Implement a band-limited sinc resampler

This is essentially a 12-point sinc resampler, unless it's resampling to a rate
higher than the output, at which point it will vary between 12 and 24 points
and do anti-aliasing to avoid/reduce frequencies going over nyquist.

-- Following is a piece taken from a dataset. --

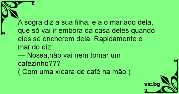 A sogra diz a sua filha, e a o mariado dela, que só vai ir embora da casa deles quando eles se encherem dela. Rapidamente o marido diz: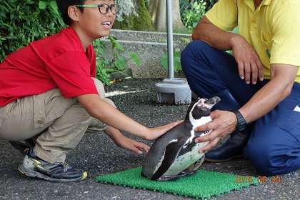 ペンギンは,可愛いですね。知らなかったのですが,本来ペンギンは人には慣れないそうで,近づくと威嚇をするそうです。このペンギンは,ウーちゃん(本当は,クックちゃんかと思っていたのですが,職員室で聞くとウーちゃんでした)は,卵を人工孵化させて,人に育てられたので,おとなしいのだそうです。野生では,すごく気が荒いとのこと。見かけとは大違い。ひげをはやして,オールバックの人でも,実はとっても優しいということもあるのです。

Code provided by Christopher Fitzgerald.

1 files changed, 66 insertions, 0 deletions

diff --git a/Alc/mixer_sse.c b/Alc/mixer_sse.c
index e67c9cca..87a17e2c 100644
--- a/Alc/mixer_sse.c
+++ b/Alc/mixer_sse.c
@@ -12,6 +12,72 @@
 #include "mixer_defs.h"
 
 
+// Obtain the next sample from the interpolator (SSE version).
+static inline ALfloat bsinc32_sse(const BsincState *state, const ALfloat *in, const ALuint frac)
+{
+    const __m128 sf4 = _mm_set1_ps(state->sf);
+    ALfloat pf, r;
+    ALuint pi;
+
+    // Calculate the phase index and factor.
+#define FRAC_PHASE_BITDIFF (FRACTIONBITS-BSINC_PHASE_BITS)
+    pi = frac >> FRAC_PHASE_BITDIFF;
+    pf = (frac & ((1<<FRAC_PHASE_BITDIFF)-1)) * (1.0f/(1<<FRAC_PHASE_BITDIFF));
+#undef FRAC_PHASE_BITDIFF
+
+    {
+        const ALuint m = state->m;
+        const ALint l = state->l;
+        const ALfloat *fil = state->coeffs[pi].filter;
+        const ALfloat *scd = state->coeffs[pi].scDelta;
+        const ALfloat *phd = state->coeffs[pi].phDelta;
+        const ALfloat *spd = state->coeffs[pi].spDelta;
+        const __m128 pf4 = _mm_set1_ps(pf);
+        __m128 r4 = _mm_setzero_ps();
+        ALuint j_f;
+        ALint j_s;
+
+        // Apply the scale and phase interpolated filter.
+        for(j_f = 0,j_s = l;j_f < m;j_f+=4,j_s+=4)
+        {
+            const __m128 f4 = _mm_add_ps(
+                _mm_add_ps(
+                    _mm_load_ps(&fil[j_f]),
+                    _mm_mul_ps(sf4, _mm_load_ps(&scd[j_f]))
+                ),
+                _mm_mul_ps(
+                    pf4,
+                    _mm_add_ps(
+                        _mm_load_ps(&phd[j_f]),
+                        _mm_mul_ps(sf4, _mm_load_ps(&spd[j_f]))
+                    )
+                )
+            );
+            r4 = _mm_add_ps(r4, _mm_mul_ps(f4, _mm_loadu_ps(&in[j_s])));
+        }
+        r4 = _mm_add_ps(r4, _mm_shuffle_ps(r4, r4, _MM_SHUFFLE(0, 1, 2, 3)));
+        r4 = _mm_add_ps(r4, _mm_movehl_ps(r4, r4));
+        r = _mm_cvtss_f32(r4);
+    }
+    return r;
+}
+
+const ALfloat *Resample_bsinc32_SSE(const BsincState *state, const ALfloat *src, ALuint frac,
+                                    ALuint increment, ALfloat *restrict dst, ALuint dstlen)
+{
+    ALuint i;
+    for(i = 0;i < dstlen;i++)
+    {
+        dst[i] = bsinc32_sse(state, src, frac);
+
+        frac += increment;
+        src  += frac>>FRACTIONBITS;
+        frac &= FRACTIONMASK;
+    }
+    return dst;
+}
+
+
 static inline void SetupCoeffs(ALfloat (*restrict OutCoeffs)[2],
                                const HrtfParams *hrtfparams,
                                ALuint IrSize, ALuint Counter)